One of the premier’s first legislative acts in government — an act of spiteful, narrow-minded vindictiveness that the Progressive Conservatives have likely hoped would be lost to the mists of time — was to undo the democratic decision of Toronto city council to slightly expand its membership to reflect the city’s growing population. Ford, swayed by some very bad opinion-writing in a certain local newspaper and unmoved by the advisers in his office who begged him to reconsider, rammed changes to the City of Toronto Act through the legislature, cutting the city’s elected council in half in the midst of an election already underway.

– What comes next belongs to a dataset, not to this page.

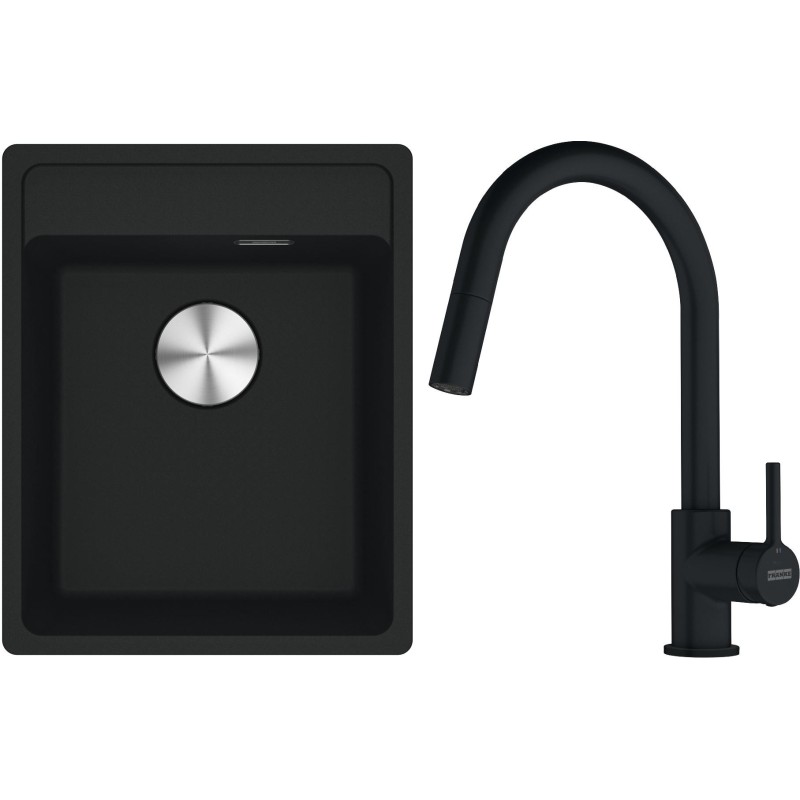 Cenově zvýhodněný set Franke G293MČ obsahuje granitový dřez jednodřez MRG 610-37 RTL Matná černá a baterii s vytahovací koncovkou FC 6051.901 LINA Matná černá.

It was an obscenity then, and it’s a festering wound now. There’s no point of principle here: every other Ontario municipal council has the right to determine its own size. Ford wanted to kick some of his old rivals at council because he could, so he did. The fact that the Ontario Court of Appeal determined that the legislature was within its constitutional jurisdiction to have done so doesn’t change the fact that it was a gratuitous insult to an elected body first constituted before Ontario was a province.
(The Court of Appeal won’t, it turns out, be the final word on the matter: the Supreme Court of Canada has agreed to hear Toronto’s appeal.)
But, of course, if Ontario is going to ask Ottawa for a municipal bailout, then we’ve thrown the idea of “exclusive provincial jurisdiction” out the window anyway. Now the only question is what the federal government will demand in exchange for turning on the multibillion-dollar money hose.
If the prime minister is looking for advice, I have some.
Ottawa should demand that the Ontario legislature, in its next sitting on May 12, (a) entirely repeal the changes to the City of Toronto Act passed in the summer of 2018, and (b) declare that (unless the Toronto council votes otherwise) the city’s next election will take place under the 47-ward map Ford tossed in the dustbin.
Would it be irresponsible to pick a fight with the provincial government during a crisis? No. The original sin here was the Ford government’s own irresponsibility (even if it has tried to pivot away from chaos since the premier turfed his chief of staff last summer). Leaving an error uncorrected is irresponsible; fixing it isn’t. The Tories could have corrected this error on their own any time before now; they’ve chosen not, perhaps because they’d rather not be reminded of their shame.
I am not optimistic that the Liberals will do this. There will be too many voices in Trudeau’s office counselling him against inflaming tensions with the premiers at a time like this and warning that an issue such as the size of Toronto city council is too arcane to start a fight over.
To that, I simply say: the Liberals currently have a minority in the House of Commons, don’t know when the next election is going to be, and can’t count on the generosity of Toronto voters to last unless they occasionally demonstrate that such support is actually worth something. This city ought to matter to at least one level of government in this country, after all.